● ASSIGNMENT: For the records below, copy exactly the span that begins at the line containing "ワイドシルエットのゆったり感としっかりとした仕上がりを兼ね備えたデニムパンツ" and stops after the line containing "Der Neubau reiht", minus any pictures.

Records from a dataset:

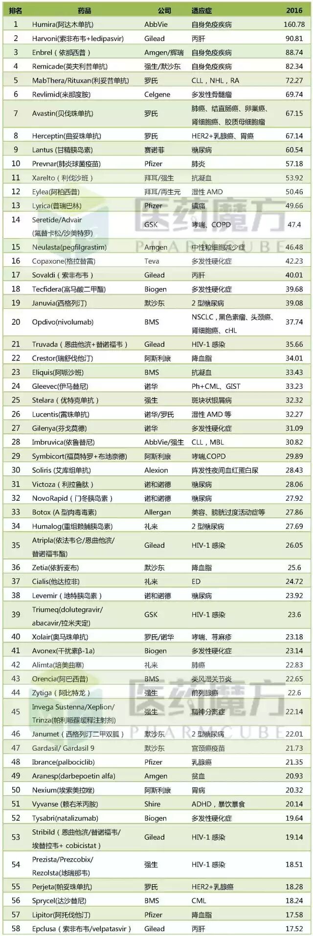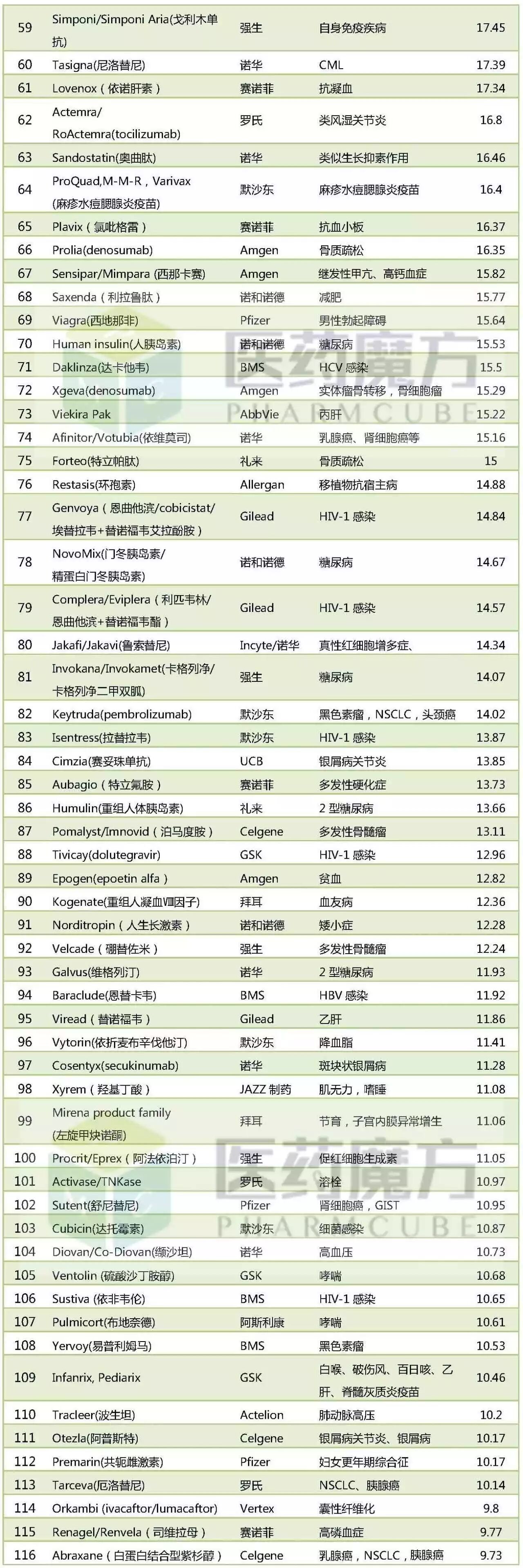 勃林格殷格翰属于非上市公司,产品销售数据未披露。日本药企2016年财报的报告期为2015.4.1-2016.3.31,药品的销售大部分发生在2015年,因此未纳入2016年的统计。
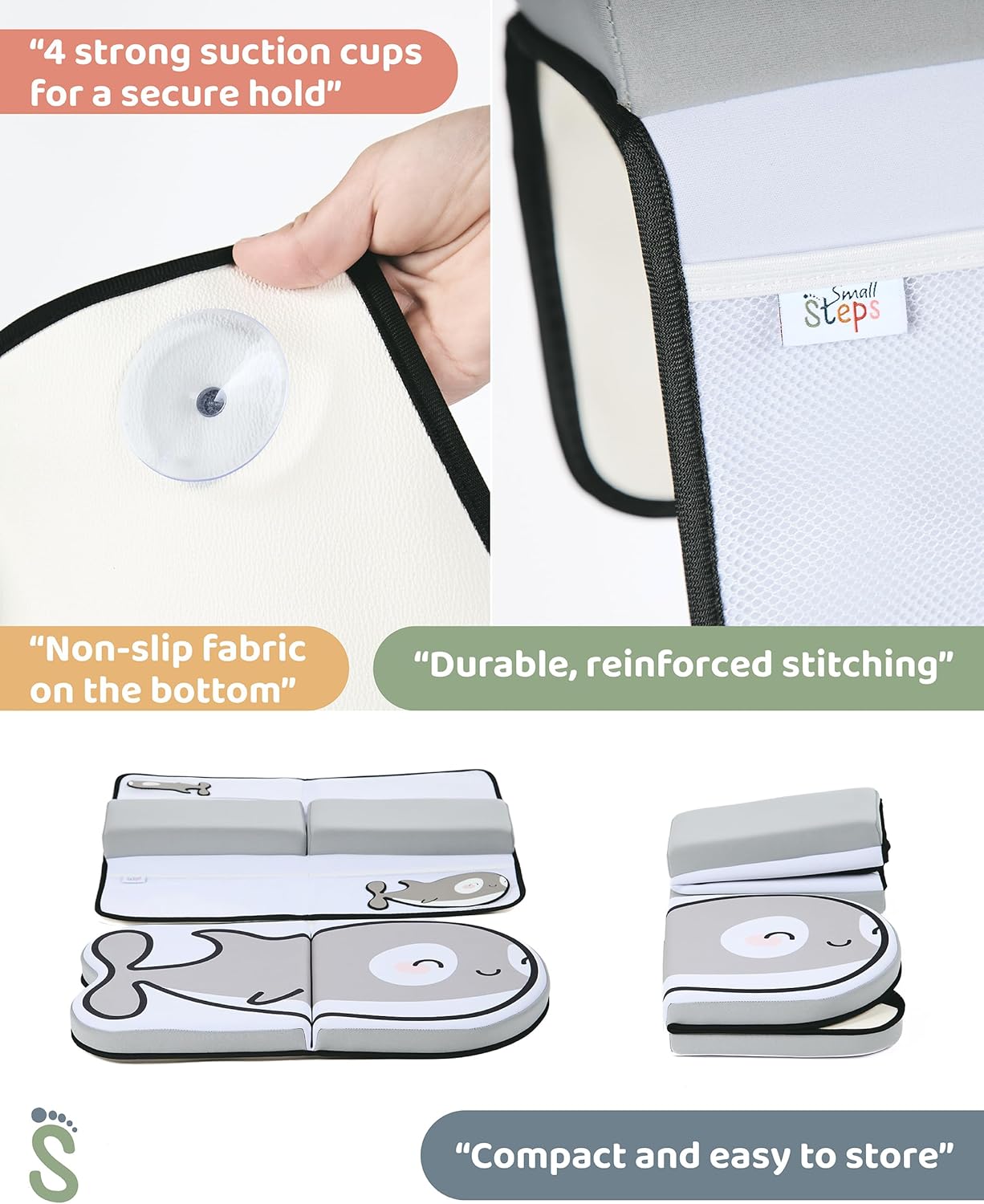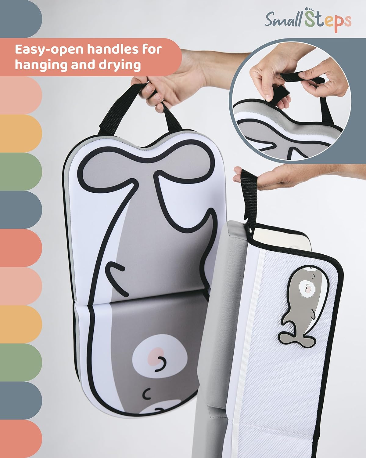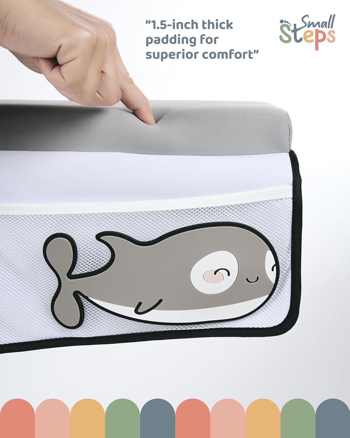 Small Steps Bath Kneeler and Elbow Rest Pad Set – Ergonomic Baby Bath Kneeling Pad with Memory Foam and Non-Slip Design – Orca-Themed Comfort with Handy Pockets for Bathing Babies and Kids
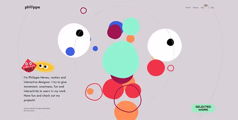 Перед нами интерактивный сайт-портфолио моушн-дизайнера, наполненный движением и анимационными эффектами. Хотя для фона был выбран серый цвет, интерфейс изобилует разноцветными элементами.
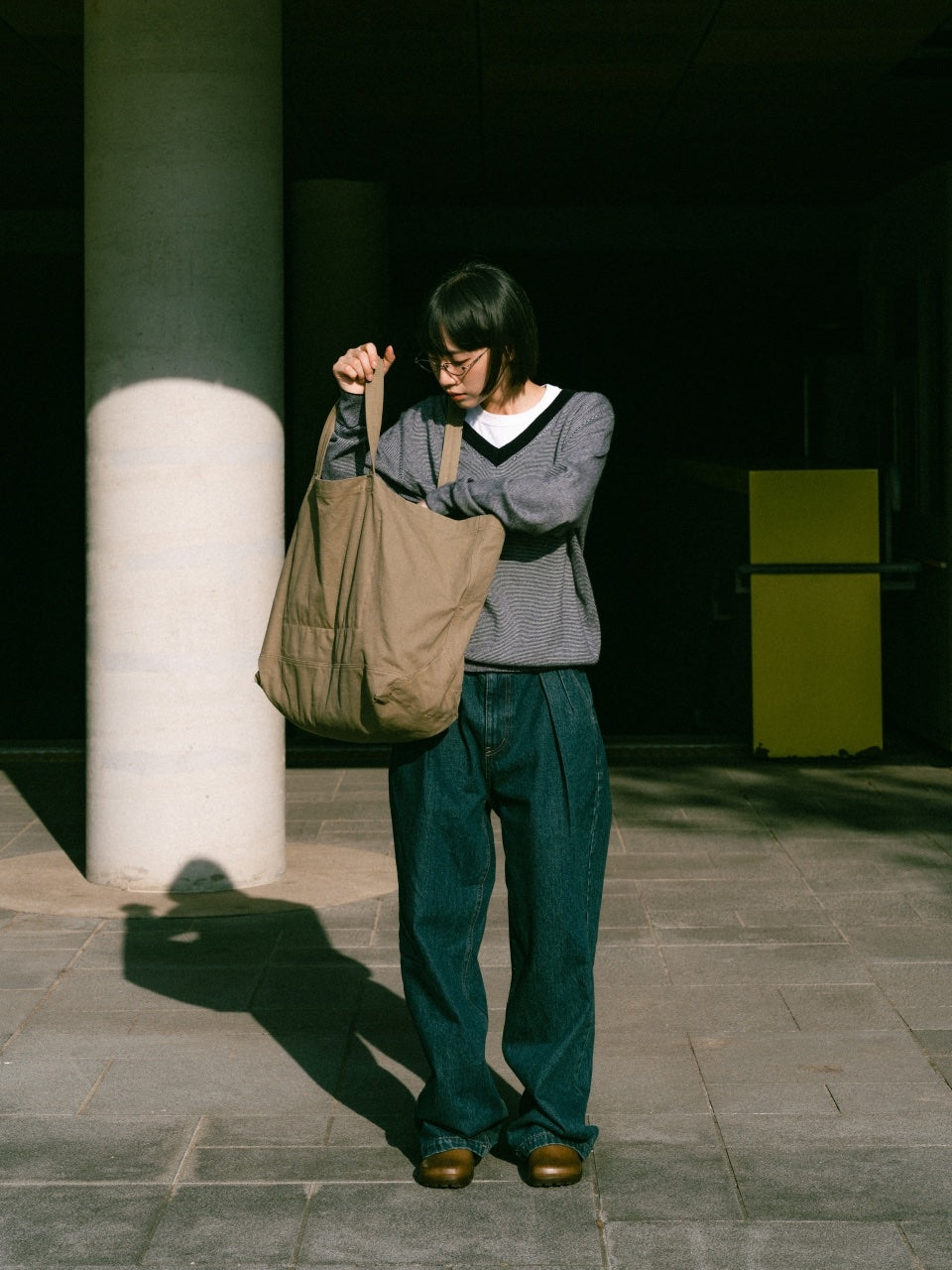 ワイドシルエットのゆったり感としっかりとした仕上がりを兼ね備えたデニムパンツ
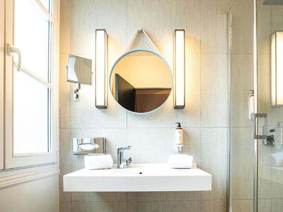 Desde su llegada, la atmósfera acogedora del vestíbulo marca el tono. La recepción es cálida, a cualquier hora del día y de la noche. El encanto actúa de inmediato gracias a una decoración cuidada que mezcla el carácter de un edificio del siglo XIX con toques contemporáneos. El ascensor antiguo, guiño al patrimonio, añade una nota de carácter al conjunto. Este sutil equilibrio entre tradición y modernidad se encuentra en cada rincón del establecimiento.
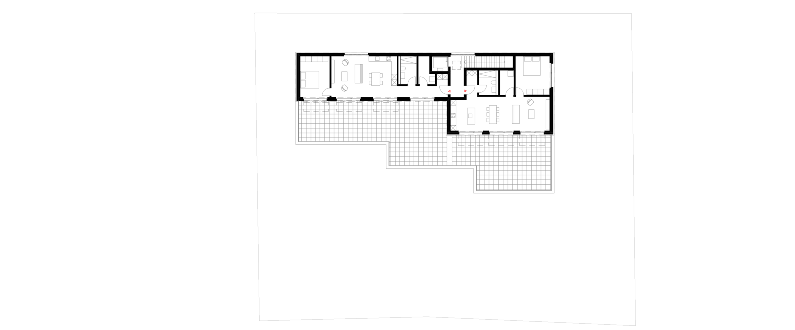 Der Neubau reiht sich konsequent in der Flucht der benachbarten Gebäude auf und stärkt die bauliche Front diesseitig der Weihermattstrasse. Der strassenseitig kompakte Baukörper löst sich gartenseitig auf und wird gegliedert in einer sich gegen Südwesten gerichteten Staffelung. Die naturnahe Farbgebung der Fassaden fügen sich gut ins Umfeld ein, in welchem bereits heute helle bis vereinzelt braun-rötliche Töne dominieren.
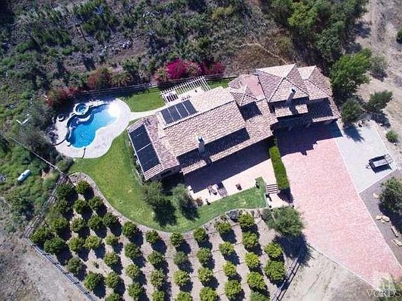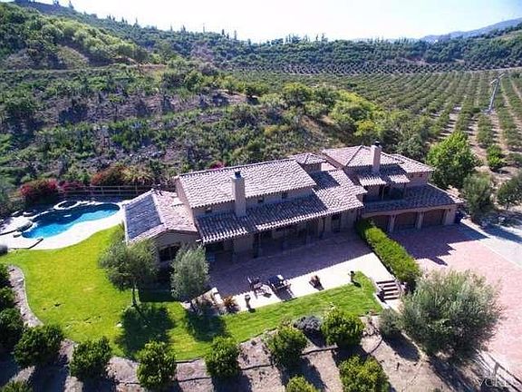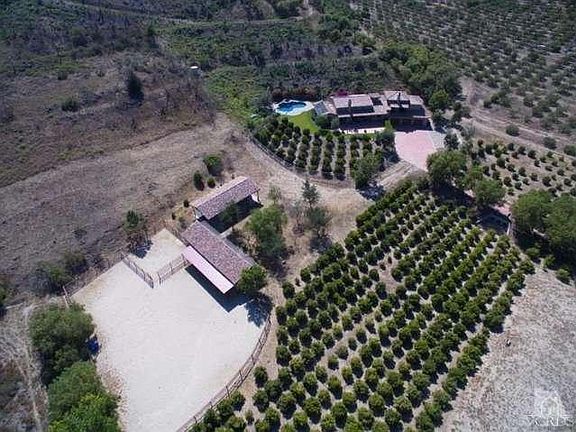 6+Acre Ranch,Custom Tuscan Estate.Featuring profitable tangerine & avocado orchards,custom horse facilities,5 Stall Barn with run and large turnout,wash rack and cross ties, separate hay & tack building with roll up hay door,ample trailer parking dressage Arena 66'x 198', with gorgeous mountain & valley views. Built in 2007 with an emphasis on Old World charm. Home boast approximately 3,000 sq ft.clay tile roof, stunning Hickory wood floors; 3 Bed, 2.5 Bath, Great Room with tremendous Fireplace and soaring wood-beamed ceiling and an intimate library/office retreat. Gourmet chef's kitchen with Alder wood cabinetry and top of the line stainless Viking appliances. Large master retreat with fireplace and double-door balcony over looks the most serene views. Opulent master bath with soaking tub and over sized shower.Outdoor oasis possesses a swank salt water pool and spa with gorgeous waterfalls. Truly special one of a kind property and setting for the entertainer or avid equestrian

● RESULT:
 ワイドシルエットのゆったり感としっかりとした仕上がりを兼ね備えたデニムパンツ
 Desde su llegada, la atmósfera acogedora del vestíbulo marca el tono. La recepción es cálida, a cualquier hora del día y de la noche. El encanto actúa de inmediato gracias a una decoración cuidada que mezcla el carácter de un edificio del siglo XIX con toques contemporáneos. El ascensor antiguo, guiño al patrimonio, añade una nota de carácter al conjunto. Este sutil equilibrio entre tradición y modernidad se encuentra en cada rincón del establecimiento.
 Der Neubau reiht sich konsequent in der Flucht der benachbarten Gebäude auf und stärkt die bauliche Front diesseitig der Weihermattstrasse. Der strassenseitig kompakte Baukörper löst sich gartenseitig auf und wird gegliedert in einer sich gegen Südwesten gerichteten Staffelung. Die naturnahe Farbgebung der Fassaden fügen sich gut ins Umfeld ein, in welchem bereits heute helle bis vereinzelt braun-rötliche Töne dominieren.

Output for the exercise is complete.